こうした人材の需給の状況を把握しまして、それを踏まえた形で「なり手」の確保策、あるいは養成体制の連携・再編等の方策などを定めることや、それを計画的に実施していく、移していくことが必要なのではないかということ、また、その枠組みはどういったものか。
3番で、その際、こうした「なり手」の確保策とか、養成体制の連携・再編等の方策につきまして、地域の状況・課題を踏まえて、県ごとに適切な選択ができるメニューや環境整備が必要ではないかということで、どちらかというと国に期待される役割かもしれないと思いつつ、どういった役割があるのか。
そういったことを中心に御議論いただければと思います。
第1回検討会における主な意見として、点線枠囲みで御参考として提示させていただきました。
資料4につきましては、これらを含めて第1回でいただいた主な御意見を順不同で並べてございますので、議論の素材としていただければと存じます。
駆け足でございますが、事務局からの説明は以上でございます。
○野口座長代理 どうもありがとうございました。
それでは、以上の厚生労働省様からの御説明を踏まえて、御意見、御質問等を賜ります。
まずは会場の皆様からお願いしたいのですが。
上田構成員、よろしくお願いします。
○上田構成員 日本診療放射線技師会の構成員の上田でございます。
本日は、3点意見を述べさせていただきます。
1点目として、資料2の23ページに示されているように、ある県の診療放射線技師養成課程の県内就職率は53%となっておりますが、これはその県内に求人が少ない可能性もあり、需給状況についても確認する必要があると考えます。各自治体において、地域の需給状況を調査していただくことが望ましいのではないでしょうか。
この点を踏まえますと、地方の養成大学等の入学者を増やすだけではなく、卒業後、地方の医療機関に就職してもらえるような給付型奨学金制度のような仕組みが必要ではないかと考えます。
一方で、地方に就職した若い方々が都市部へ流出する懸念もございます。そのため、地方に定着してもらうには、子育て世代を支える生活インフラの整備に加え、医療関係職種の方々の子供たちが安心して学べる小中高の教育体制の維持についても、併せて検討すべきと考えます。
2点目です。
地方では、大規模病院が主導して、法人の異なる小規模病院への診療放射線技師を派遣する取組や、小規模医療機関同士で、日ごとに相互派遣を行う取組の実例も既にございます。地方における人材育成に加え、限られた人材を地域内で相互に活用する仕組みについても推進すべきと考えます。
厚生労働科学研究の小野孝二班による令和4年の「医療機関における医療専門職の将来の需給バランスの推計について」の報告では、診療放射線技師を含む5職種については、2040年以降は供給過剰になるとの報告もあります。
地方では不足が続く一方で、都市部では供給過剰となる可能性もございますので、都市部の人材を地方で活用できる仕組みを検討することも必要ではないかと考えます。

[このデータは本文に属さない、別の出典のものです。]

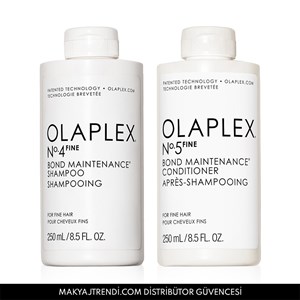 Olaplex Fine Bond Maintenance Cleanse & Condition Duo set içerisinde Olaplex No. 4 Fine Bond Maintenance Shampoo (250ml) ve Olaplex No. 5 Fine Bond Maintenance Conditioner (250ml) bulunur. No.4 Fine Bond Maintenance Shampoo ince telli saçlar için özel olarak geliştirilmiş, ağırlık yapmadan saçları temizleyen ve hacim veren bağ güçlendirici bakım şampuanıdır. İnce telli saçlara hacim verdiği ve güçlendirdiği klinik olarak kanıtlanmıştır. Saçları nazikçe temizlerken aynı zamanda güçlendirir ve korur. No. 5 Fine Bond Maintenance Conditioner ince telli saçlar için özel olarak geliştirilmiş, ağırlık yapmayan, ultra hafif yapıda bağ güçlendirici saç kremidir. İnce telli saçlara hacim verdiği ve güçlendirdiği klinik olarak kanıtlanmıştır. %60 oranında saç kırıklarının azalmasını sağlar. Ürün detayları aşağıdadır.

例えば欧州や南米、中国では、MRIを遠隔で操作し、高い技術を持つ1人の診療放射線技師が複数の装置をコントロールする仕組みが既に構築され、実施されております。このような技術の活用も、今後の選択肢になると考えられます。
3点目です。
私が代表を務めるチーム医療推進協議会では、通信高校に対するオンラインでの職業紹介での実績もございます。
また、17職種別の職業紹介漫画冊子については、これまで約20万部を配布してまいりました。

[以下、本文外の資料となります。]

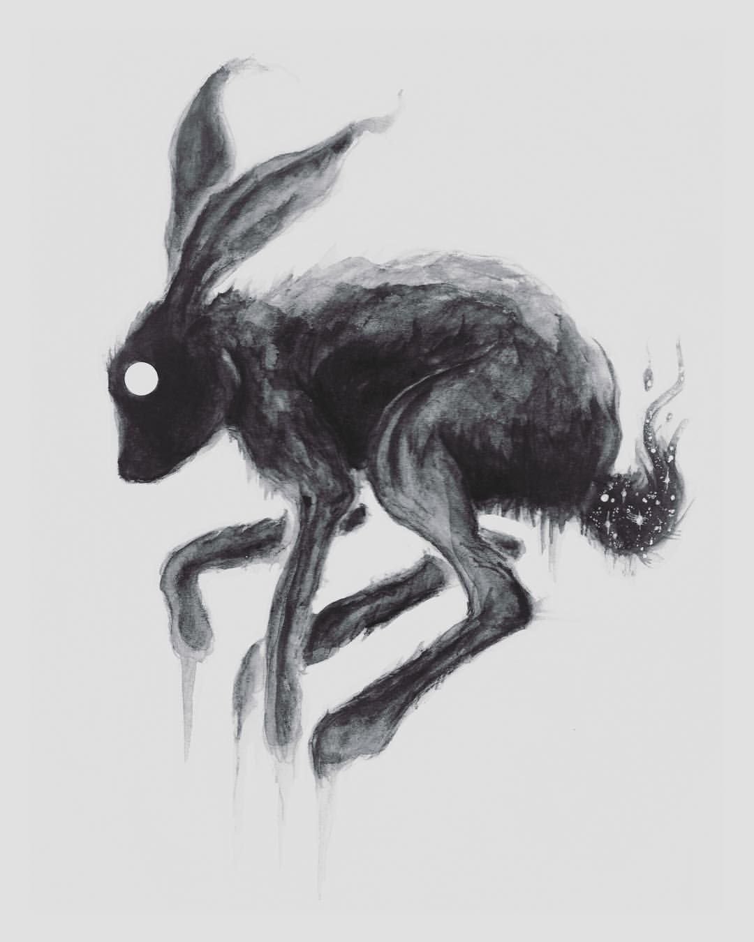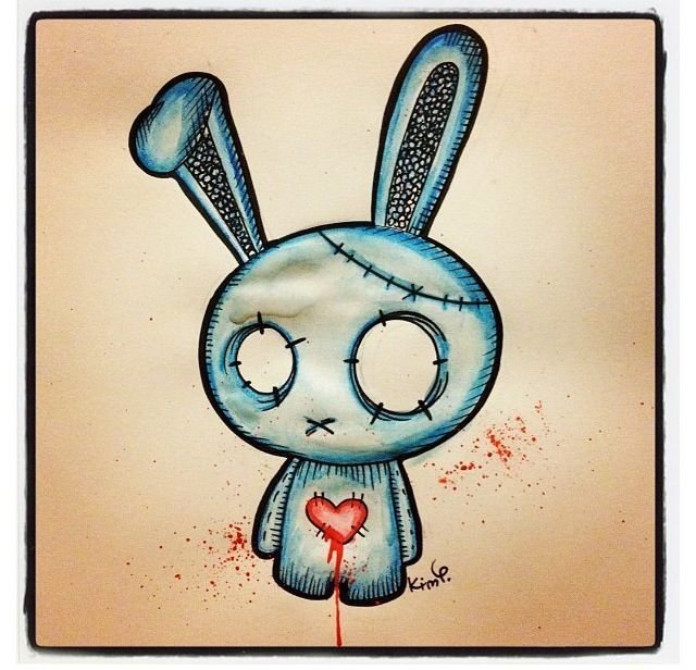 ![Криповый эскиз тату кролик]()

必要であれば、こうした取組のさらなる活用について、チーム医療推進協議会として加盟団体に協力を求めることも可能です。
以上でございます。
○野口座長代理 どうもありがとうございました。
ほかにいかがでしょうか。
木戸委員、よろしくお願いします。
○木戸構成員 資料3の2ページ目に「主な論点」として、事務局から3つの項目が挙げられていますが、今後、ここでの議論を取りまとめて、医療部会に上げていく上で、いずれも適切な内容であり、私も医療部会の構成員ですが、その立場から、この論点に沿って議論を進めることに賛同したいと思います。

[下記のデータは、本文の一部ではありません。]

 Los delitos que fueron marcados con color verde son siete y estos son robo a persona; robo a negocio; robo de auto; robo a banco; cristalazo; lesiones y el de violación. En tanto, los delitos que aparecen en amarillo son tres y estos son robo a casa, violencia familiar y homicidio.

さて、資料2の17ページからの「設置者・法人分類別の養成課程の現状」によりますと、都道府県の規模にかかわらず、民間の経営主体の割合がかなり高いことに正直驚きました。
定員充足率のデータも拝見しますと、経営難などで、養成校がもはや存続できなくなる可能性も近いと考えられ、必要な医療人材が確保できないことで、地域住民の医療提供に重大な支障が出るおそれがあります。
一方、少子化対策、人口確保の観点からも、医療職の養成は大変重要です。
若い人、特に医療従事者に多い女性は、地元に仕事がないことで、都会に流出しやすいと言われています。
しかし、医療はある意味、地域に欠かせない大きな産業であり、リモートにもなじまないため、一定数の医療従事者がそこに住んで働いてくれます。医療職として働いてくれる方々を地元で養成し、きちんと資格を取った方がスムーズに地域の医療機関で働けるよう、しっかりと支えていくことがその地域の定住人口につながると思います。これは、少子化対策にもプラスになる可能性があります。
そこで、自治体、都道府県にとって、この問題は大変重要な位置づけですので、都道府県は、そもそも医療計画の主体として、従前から既に取組を進めていただいておりますが、作成指針の中に、医療従事者の確保という項目も盛り込まれていますので、各職種の人材需給について、精緻なデータを集め、どこの地域にどういった職種が不足、あるいは逆に過剰となっているかを概算でもいいので、ある程度推計して、関係者による協議の場を設けるなど、制度的な枠組みを整えて、必要な養成体制の確保に努めていくべきです。
もちろん、施策の実施に関しましては、関連する養成校、職能団体の協力が不可欠ですが、それぞれが個別の利害にとらわれ過ぎることなく、地域にいる限られた人材をその地域でどうやって最大限に適正に配置するかという共通の大きな視点を持って対応する必要があります。
そして、国としても、取組を支援するスキームをきちんと整えていくべきと思います。
私からは以上です。
○野口座長代理 どうもありがとうございました。
ほかに。
3人。
では、まず、中野委員、よろしくお願いします。
○中野構成員 ありがとうございます。
日本看護協会の中野でございます。
3点述べさせていただきます。
1点目です。
本日の論点は、新規養成や新卒者の確保ということで、その他の課題につきましては、整理いただいていて、順次、お示しいただけるという御説明がありました。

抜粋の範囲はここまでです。